__PROBLEM TO WORK ON__. Transcribe the whole listing without a single picture.

__GIVEN DATA__.
[Start of Attachment]
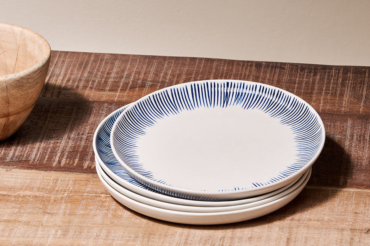 We love the pattern on this stylish dinner service. The pattern frames the plate perfectly and provides a great back drop for culinary delights. Our Karuma Ceramic Plates have a distinctive and striking design. The thin blue lines are first etched into the clay then hand painted. This collection is handmade in north Vietnam using age - old methods. The collections are painted and shaped by hand incorporating indigenous and contemporary influences.
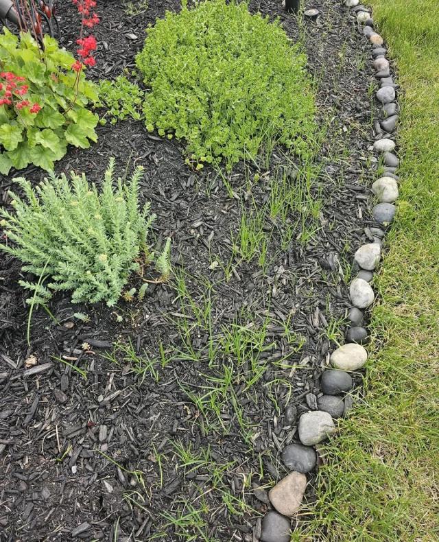 "About a month ago, I pulled all the grass along the edge of this garden bed, trying to get as much of the roots out as possible," said the original poster. "This is what I'm looking at today. Does anyone know of a way to eradicate the grass without damaging my other plants?"
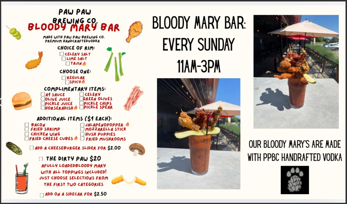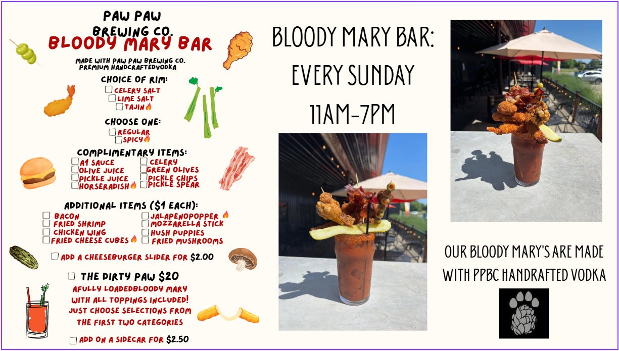 Treat your Sunday right at paw Paw Brewing's Bloody Mary Bar! Made with our own hand-crafted Vodka. So many options from a simple glass to a full meal! See you Sunday!
[End of Attachment]
__PROBLEM SOLUTION__.
 We love the pattern on this stylish dinner service. The pattern frames the plate perfectly and provides a great back drop for culinary delights. Our Karuma Ceramic Plates have a distinctive and striking design. The thin blue lines are first etched into the clay then hand painted. This collection is handmade in north Vietnam using age - old methods. The collections are painted and shaped by hand incorporating indigenous and contemporary influences.
 "About a month ago, I pulled all the grass along the edge of this garden bed, trying to get as much of the roots out as possible," said the original poster. "This is what I'm looking at today. Does anyone know of a way to eradicate the grass without damaging my other plants?"
 Treat your Sunday right at paw Paw Brewing's Bloody Mary Bar! Made with our own hand-crafted Vodka. So many options from a simple glass to a full meal! See you Sunday!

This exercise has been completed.